(Source records)
--*--
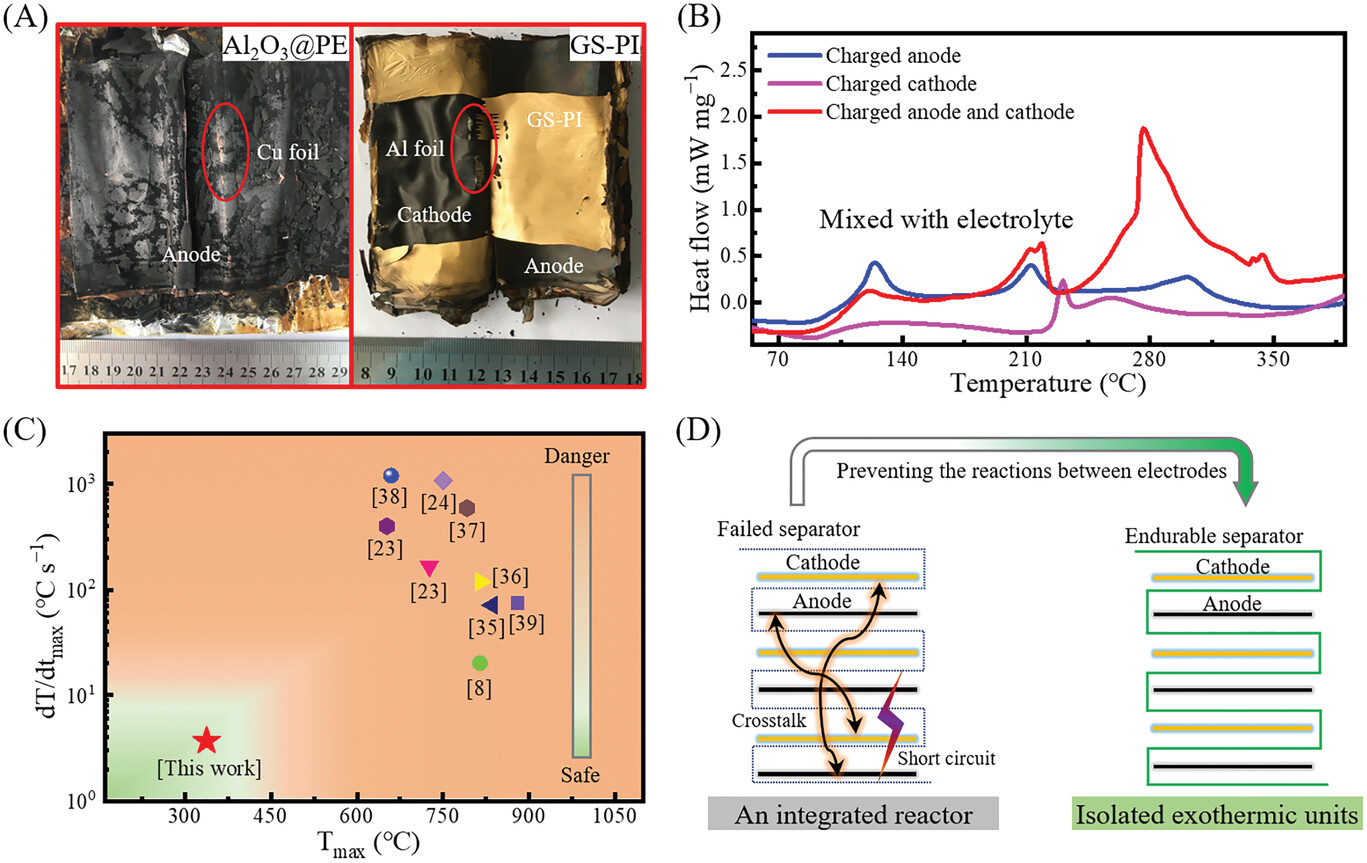 B)提出的不收缩且无化学相互作用的纳米多孔隔离层已被证明是有效的策略,可以减轻这些挑战,从而实现高标准的电池安全性。
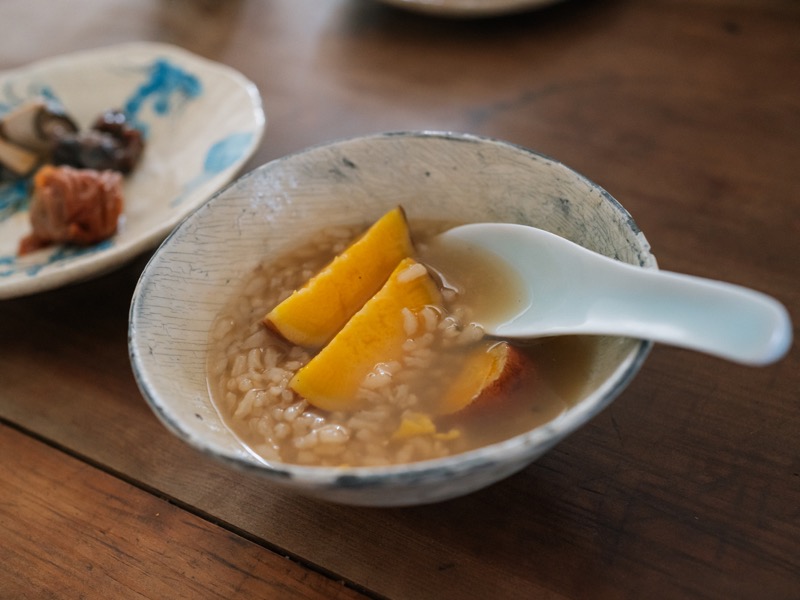 寒い朝は、茶粥であたたまる。
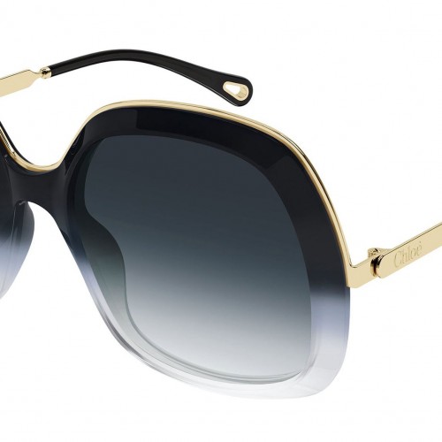 Chloé CH0327S 005 sunglasses for women, featuring shiny gradient opal black to transparent crystal rectangular recycled acetate frame and gradient grey-green bio nylon lenses. Brand line: Chloé. Style code: CH0327S. Color code: 005. Made in Italy. Authorized Chloé online reseller. Your glasses will include the original case and accessories and are covered by a 12-month global warranty.
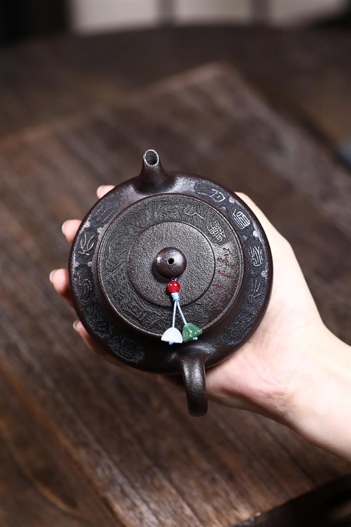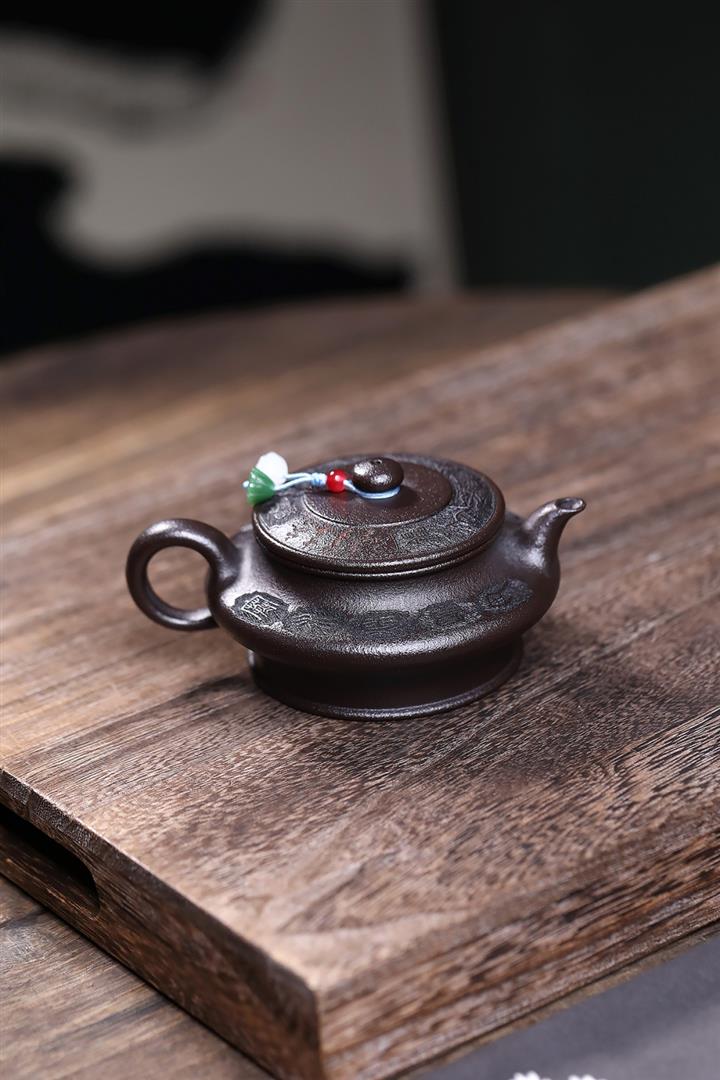 450cc原礦紫泥滿刻大德鐘茶壺POT8290
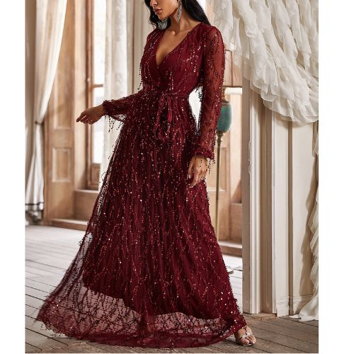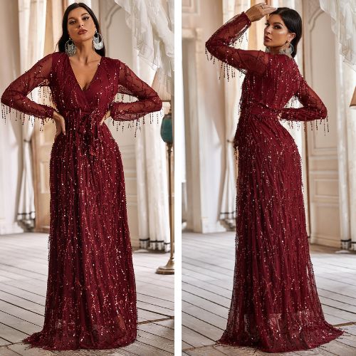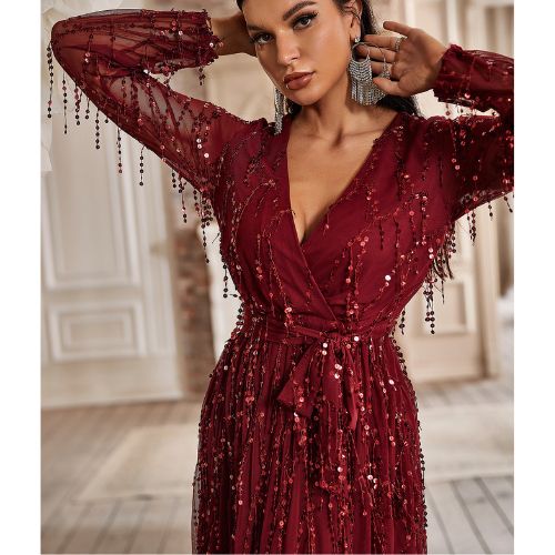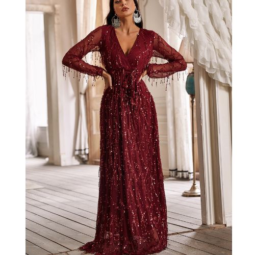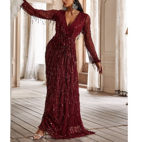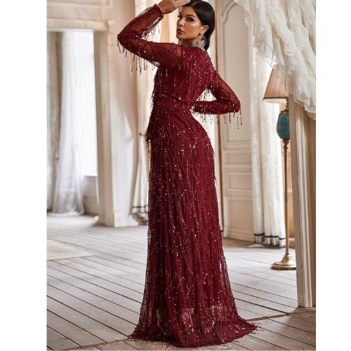 エレガントなスパンコール付きタッセル長袖ディープ
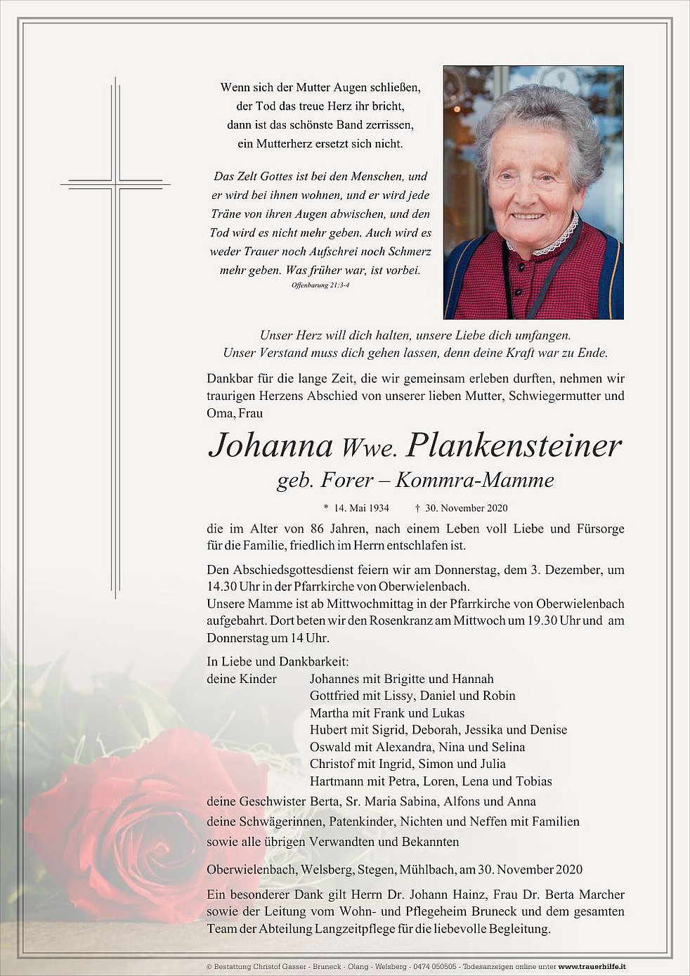 Unsere Mamme ist ab Mittwochmittag in der Pfarrkirche von Oberwielenbach aufgebahrt. Dort beten wir den Rosenkranz am Mittwoch um 19.30 Uhr und am Donnerstag um 14 Uhr.
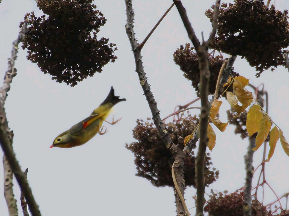 鳥さんはセンダンかハゼノキかわからないけど実が好きなんだね
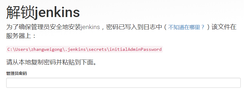 第一次使用jenkins时,为了安全考虑,会生成一串字符口令!
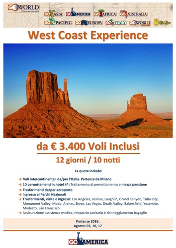 Il viaggio continua verso l’interno, dove la natura diventa protagonista assoluta: lo straordinario Yosemite National Park, con le sue pareti di granito e le cascate imponenti; la magia del Grand Canyon, immenso e maestoso; le formazioni rocciose della Monument Valley e le luci scintillanti di Las Vegas, oasi di divertimento nel deserto del Nevada.
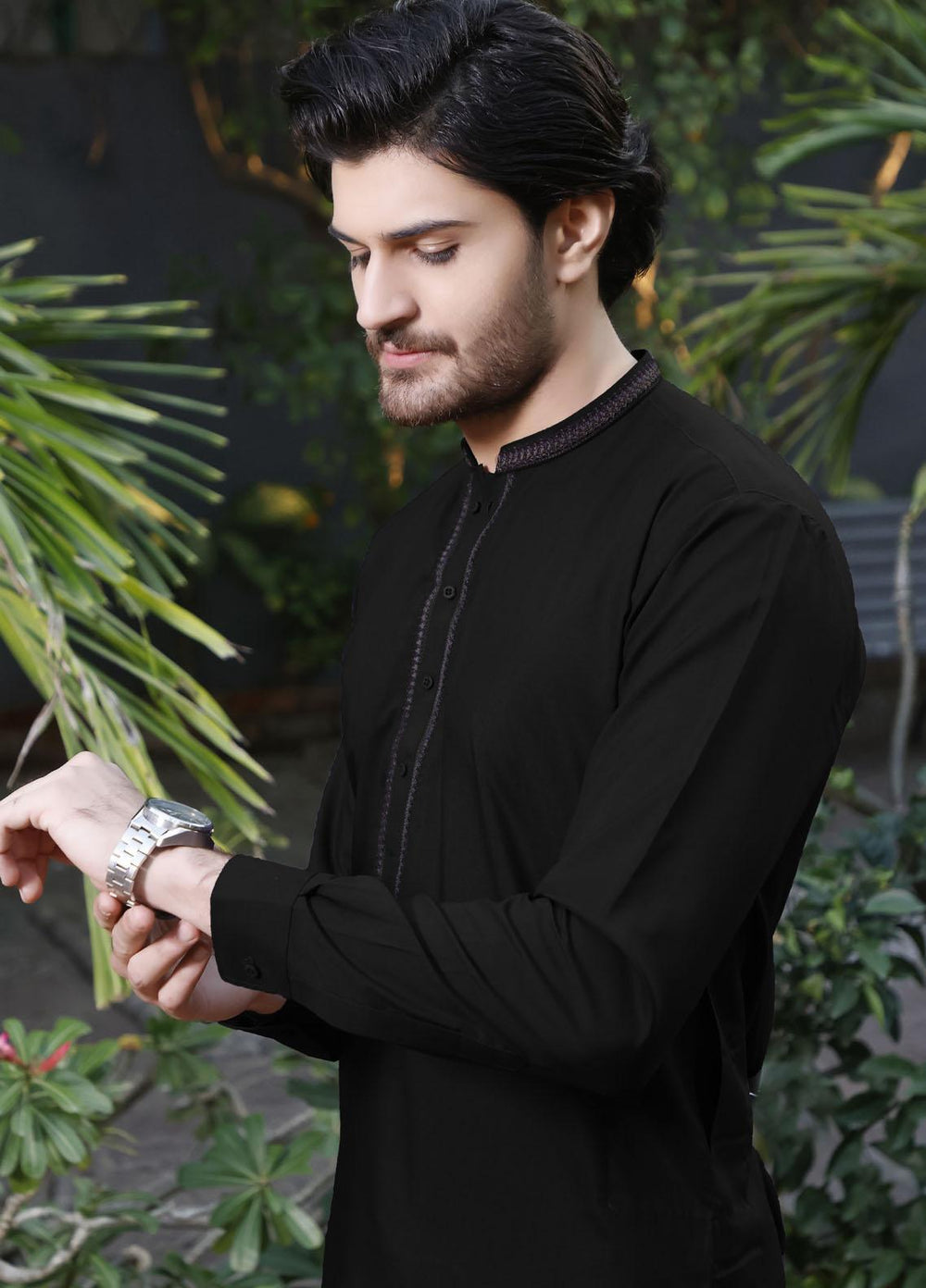 TGM Wash N Wear Shalwar KameezType: Shalwar Kameez Details: Men's Formal Kameez Shalwar with Embroidery on Collar and PlanketΓβ Fabric: Premium Blended Material Colour : Black _x005F
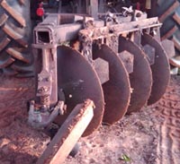 The one in Ken's photo with separate attachment points for each disc is what I know as a disc plow, just like Ken said. The ones with a single axle through several disc are what I call a disc tiller. The photo Egon posted is a good example of the disc tiller. The ones I've used were branded J.D. and Athens. I preferred the Athens possibly because mine had less wear than the J.D. that I used, it also seemed heavier . The guy who bought my Athens wanted to use it to turn under straw behind a combine. The Athens came in both a rubber tired and steel wheeled models. Wrestling with the weighted rear wheel to install a tire was a bear, so, if I ever get another one l'd like to try one with all steel wheels.
--*--
*WHAT IS NEEDED:* Reproduce exactly the entries from their first line through the line containing "寒い朝は、茶粥であたたまる。", including both, and omit any pictures.

*FINISHED TASK:*
 B)提出的不收缩且无化学相互作用的纳米多孔隔离层已被证明是有效的策略,可以减轻这些挑战,从而实现高标准的电池安全性。
 寒い朝は、茶粥であたたまる。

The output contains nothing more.